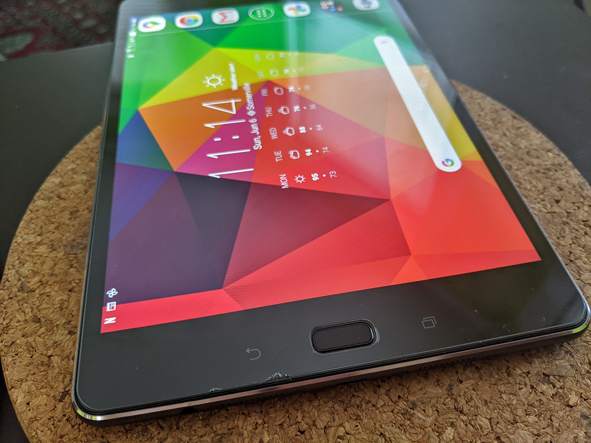 i got my new screen protector for my ASUS zenpad Z8s on thursday. it didn't take long for me to crack it. i accidentally dropped my macbook pro on top of my tablet. the screen protector probably saved me from having a cracked screen, but i managed to chip the bottom edge of the tempered glass and there's also a micro-crack that will eventually turn into a macro-crack. i thought about replacing it (i do have a spare protector) but figured i could live with it for the time being. it doesn't affect the screen at all, just when i press the home button i can feel the rough broken edges of the protector.
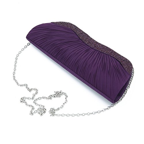 This premium quality evening clutch is both elegant and stylish. Pleated satin fabric front with sparkling crystal top. fully lined with magnetic top closure and inner wall pocket. Removable hideaway shoulder chain strap with 23" drop. Stunning, functional and versatile. The size is 10.5" (L) x 4" (H) x 1.25" (W). Elegant design and luxury feel. A must have accessory for the perfect night out.Feature
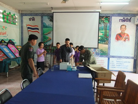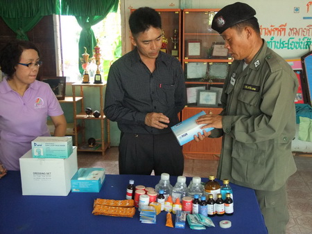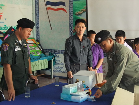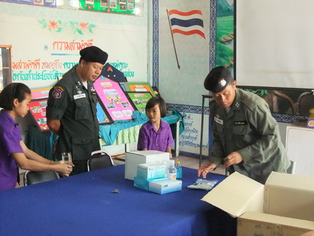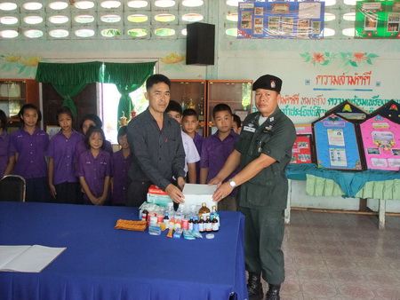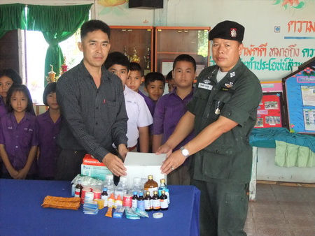 | เมื่อวันที่ 3 กันยายน 2553 ร.ต.ท.ประหยัด นามสุข ผบ.มว.ตชด.314 พร้อมด้วย ด.ต.แสวง เชียงทอง เจ้าหน้าที่พยาบาลร้อย ตชด.314 ได้นำยาเวชภัณฑ์ มอบให้แก่โรงเรียนบ้านนาหน่ำ ต.ฟากท่า อ.ฟากท่า จ.อุตรดิตถ์ เพื่อใช้สำั์หรับนักเรียนที่มีอาการเจ็บป่วย |

◆ ◆ ◆ ◆ ◆

▶ What needs to be done
Output all of the data exactly. Skip the pictures.

▶ Response for this exercise
 i got my new screen protector for my ASUS zenpad Z8s on thursday. it didn't take long for me to crack it. i accidentally dropped my macbook pro on top of my tablet. the screen protector probably saved me from having a cracked screen, but i managed to chip the bottom edge of the tempered glass and there's also a micro-crack that will eventually turn into a macro-crack. i thought about replacing it (i do have a spare protector) but figured i could live with it for the time being. it doesn't affect the screen at all, just when i press the home button i can feel the rough broken edges of the protector.
 This premium quality evening clutch is both elegant and stylish. Pleated satin fabric front with sparkling crystal top. fully lined with magnetic top closure and inner wall pocket. Removable hideaway shoulder chain strap with 23" drop. Stunning, functional and versatile. The size is 10.5" (L) x 4" (H) x 1.25" (W). Elegant design and luxury feel. A must have accessory for the perfect night out.Feature
 | เมื่อวันที่ 3 กันยายน 2553 ร.ต.ท.ประหยัด นามสุข ผบ.มว.ตชด.314 พร้อมด้วย ด.ต.แสวง เชียงทอง เจ้าหน้าที่พยาบาลร้อย ตชด.314 ได้นำยาเวชภัณฑ์ มอบให้แก่โรงเรียนบ้านนาหน่ำ ต.ฟากท่า อ.ฟากท่า จ.อุตรดิตถ์ เพื่อใช้สำั์หรับนักเรียนที่มีอาการเจ็บป่วย |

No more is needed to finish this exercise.